(Data begins)

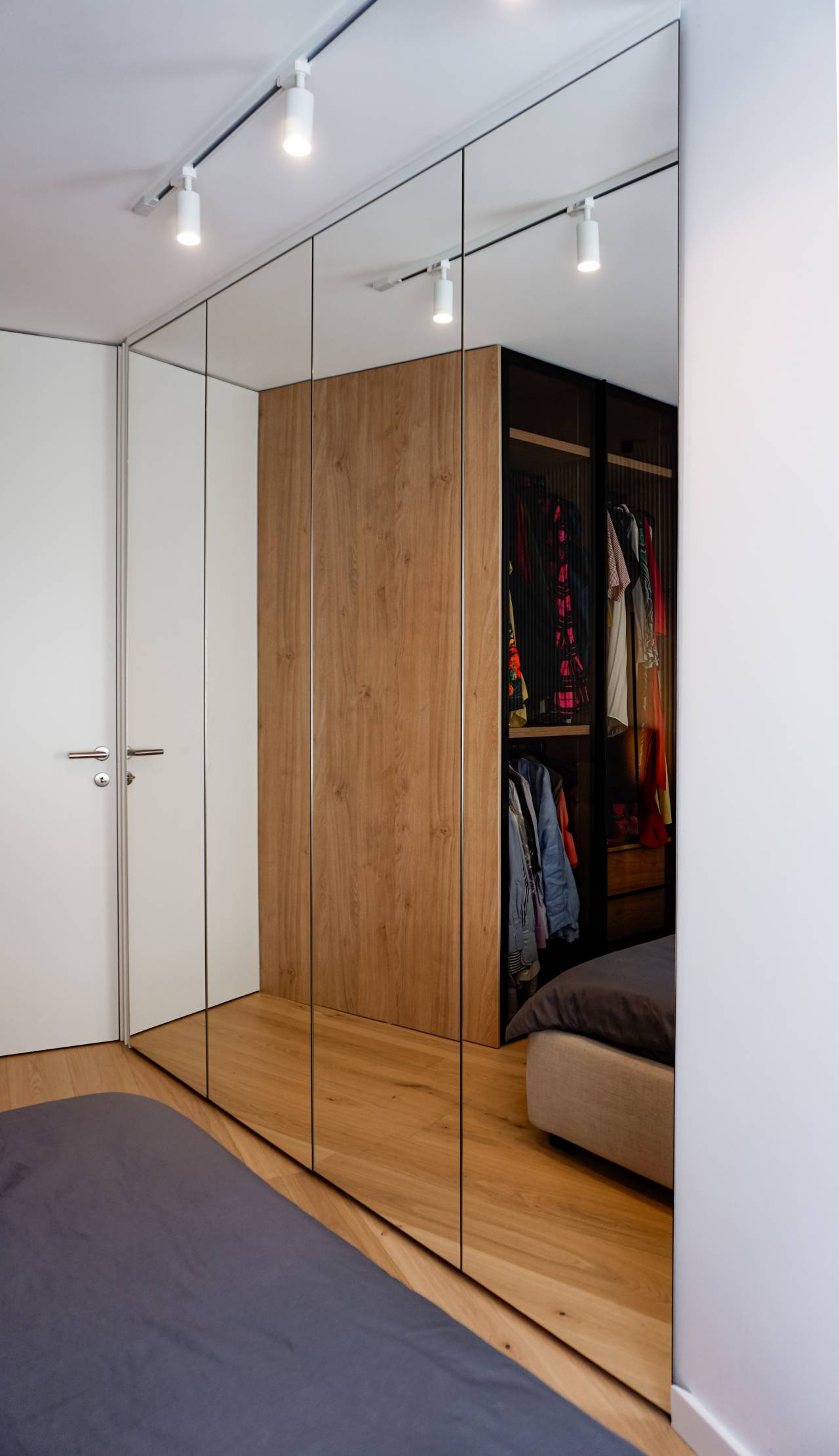 Projekat obuhvata spavaću sobu sa velikim garderobnim kapacitetom, kupatilo sa komfornom tuš-kabinom i skrivenim tehničkim zonama, kao i multifunkcionalni dnevni prostor koji objedinjuje kuhinju, trpezariju i boravak.
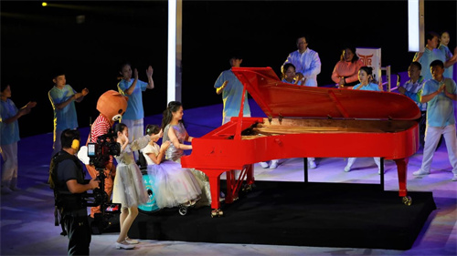 20时45分,全场观众屏气凝神,数千双眼睛注视舞台中央的“石榴花海”。开幕式文体展演以《共同的梦》为主题,《温暖》《自强》《绽放》三个篇章依序展开。潘慧娟与9岁的肢体残疾女童悦悦(故事主人公)出演的《沐浴阳光》,将跳动的黑白键演变成残疾人奋力改写命运、拼搏书写人生的场景。潘慧娟高超的演出水准、不怕辛苦的精神受到邀请方的高度赞扬以及现场广大观众的肯定,潘慧娟用她前期训练的辛苦付出收获了甜蜜的果实。
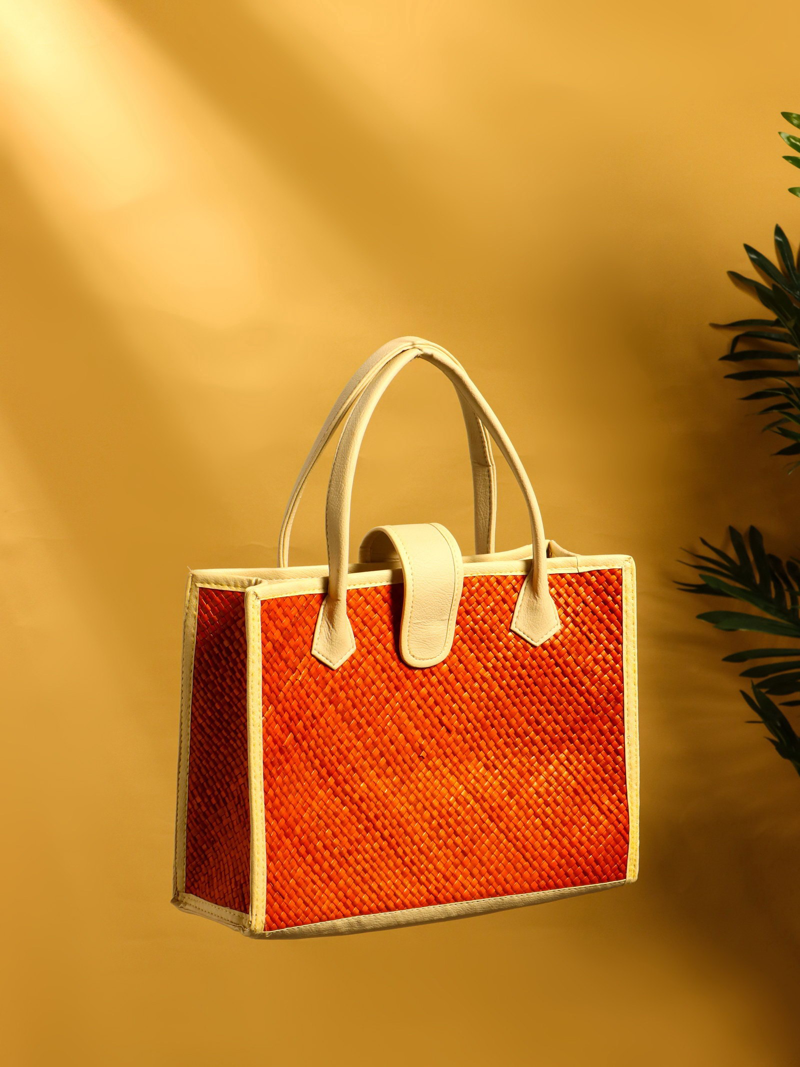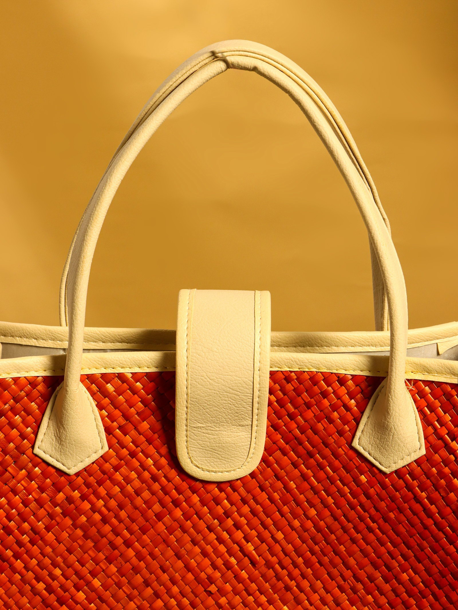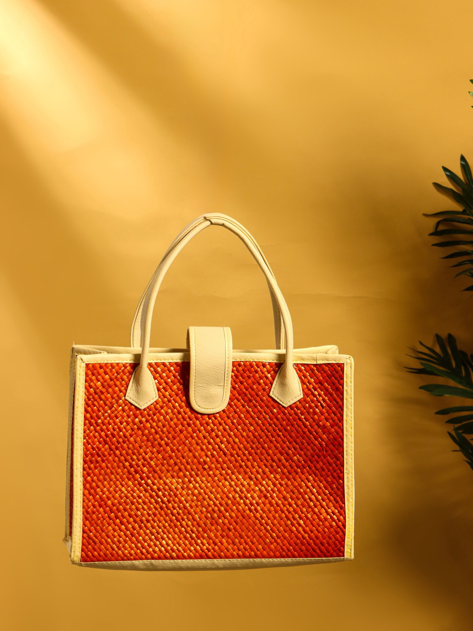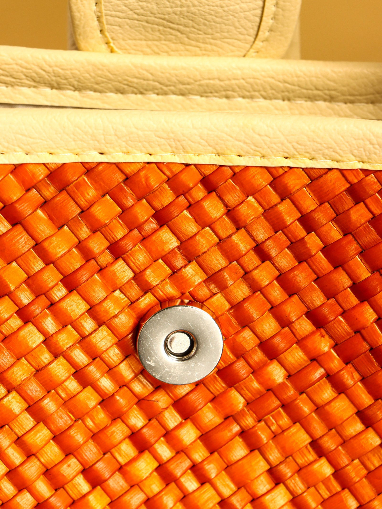 Сумка плетёная на застёжке из пандана, 35x12x40 см, бежево-оранжевая, 12x35x25 см., Индонезия
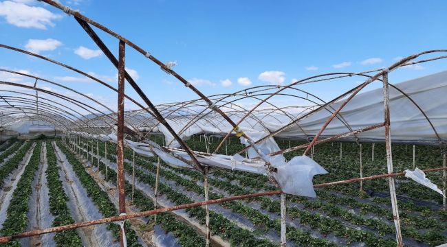 Antalya'da dün akşam saatlerinden bu yana etkili olan şiddetli rüzgar, Serik İlçesi'nde çilek seralarının naylon örtülerini uçurdu.
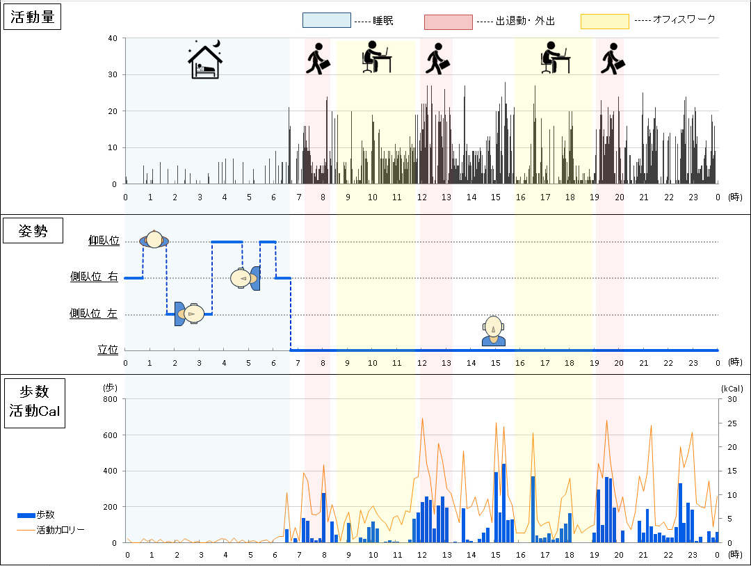 内蔵された3軸の加速度センサーによって、指定した時間間隔で日常生活における姿勢(立位、倒立位、側臥位(左/右)、仰臥位、伏臥位)を判定します。同時に活動量やカロリー・歩数も記録。

(Data ends)

Print the records verbatim, without pictures.

→ **Solution**:
 Projekat obuhvata spavaću sobu sa velikim garderobnim kapacitetom, kupatilo sa komfornom tuš-kabinom i skrivenim tehničkim zonama, kao i multifunkcionalni dnevni prostor koji objedinjuje kuhinju, trpezariju i boravak.
 20时45分,全场观众屏气凝神,数千双眼睛注视舞台中央的“石榴花海”。开幕式文体展演以《共同的梦》为主题,《温暖》《自强》《绽放》三个篇章依序展开。潘慧娟与9岁的肢体残疾女童悦悦(故事主人公)出演的《沐浴阳光》,将跳动的黑白键演变成残疾人奋力改写命运、拼搏书写人生的场景。潘慧娟高超的演出水准、不怕辛苦的精神受到邀请方的高度赞扬以及现场广大观众的肯定,潘慧娟用她前期训练的辛苦付出收获了甜蜜的果实。
 Сумка плетёная на застёжке из пандана, 35x12x40 см, бежево-оранжевая, 12x35x25 см., Индонезия
 Antalya'da dün akşam saatlerinden bu yana etkili olan şiddetli rüzgar, Serik İlçesi'nde çilek seralarının naylon örtülerini uçurdu.
 内蔵された3軸の加速度センサーによって、指定した時間間隔で日常生活における姿勢(立位、倒立位、側臥位(左/右)、仰臥位、伏臥位)を判定します。同時に活動量やカロリー・歩数も記録。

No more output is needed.